Nonlinear differential equations may address the disjunction in archaeology between the post-processual goal of identifying individual social agency and widely used macroscale scientific methods. The mathematical methods of correlation and statistical significance that are widely used in archaeology are based on the normative scientific assumption that large scale causes are required to produce large-scale effects. In one scientific example, nonlinear patterns of climate change are modelled at the global macroscale, although they result from microscale changes. Statistical methods such as averages and correlations identify the significance of data as part of a large-scale pattern, such as an artifact type or associations from which culture-wide functions and meanings can be inferred (e.g., [71]: 185). While it is useful to statistically identify large-scale cultural patterns, this does not methodologically address small-scale or individual variability or agency, which are important in nonlinear processes. Significant small-scale or individual variations may be statistically averaged out in large-scale trends.

Nonlinear differential equations may be useful to adopt in post-processual archaeology because they model how small-scale variation that could be identified with individuals can causally lead to large-scale culture change. This means that archaeologists need to develop methods to realize the post-processual goal of identifying individual variations in producing material culture rather than discarding such variations as statistically insignificant random “noise.” Archaeologists need to pay attention to infrequent and unique aspects of material culture in order to be able to identify individual social agency. Post-processual theorizing of social agency may be enhanced with the concept of small-scale or even individual initial conditions that iterate to create a rapid divergence in the direction of a culture’s evolutionary path.

5.3. Internal Small-Scale Social Agency in Large-Scale Change

Nonlinear systems theory, feminist theory, and post-processual archaeology theorize the complex relationships between cultures and small-scale or individual social agency. All three theories posit some degree of reciprocal relationship between nonlinear systems that generate small or individual variations and the agency of individuals in changing the structure or evolutionary direction of a cultural system. In all three theories small-scale and individual variations are theorized to be produced within cultures, constrained by cultural rules, norms, laws, structural dichotomies, or habitus.

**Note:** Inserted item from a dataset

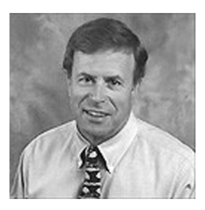
Donald Pickrell is DOT's Volpe Center's Chief Economist.

I generally advocate that benefit-cost analysis should not over concretize the benefits . We all tend to use ourselves as examples. While this can keep us connected with the real world, it is a little dangerous. We tend to make decisions more concrete to a particular situation—yours, your daughter's, etc. In fact, these decisions are likely to be altered and to affect circumstances in many ways that might not be immediately obvious.

On the other side of the equation, all three theories posit the existence of individual social agency, with some differences. A number of applications of nonlinear systems theory are congruent with the post-processual concern for individual social agency. In particular, the field of distributed artificial intelligence analyzes cooperative self-organizing processes involved in individual learning (e.g., [21, 77]), and business applications have analyzed individual nonlinear decision-making processes in small group contexts (e.g. [29, 39]). Nonlinear models of distributed artificial intelligence have also been used to analyze individual social agency in self-organizing social structures. Post-processual archaeology could use these nonlinear models to expand its ability to analyze individual social agency in relationship to larger social groups.

Post-processual archaeology could benefit from incorporating nonlinear processes that link small changes due to individual social agency to cooperative self-organizing processes in groups ([8]: 312-313). Post-processual archaeology has reduced all change processes to individual social agency, neglecting small-group dynamics in nonlinear cooperative self-organizing processes that are not simply the aggregation of a number of individual agent actions. Post-processual theorizing has focused on the short-term history of individual agency, as well as long-term history and structuralism, but has neglected analyzing processes at the mid-scale of conjunctural history or Braudel’s moyenne duree, including the nonlinear processes of diffusion, demographic trends, economic cycles, and political processes ([71]: 104, 140, 144). Systems theory included many kinds of nonlinear processes, including innovation, triggers, thresholds, and horizons, which could beneficially expand post-processual analyses of the moyenne duree connecting individual social agency with Braudel’s [78] longue duree.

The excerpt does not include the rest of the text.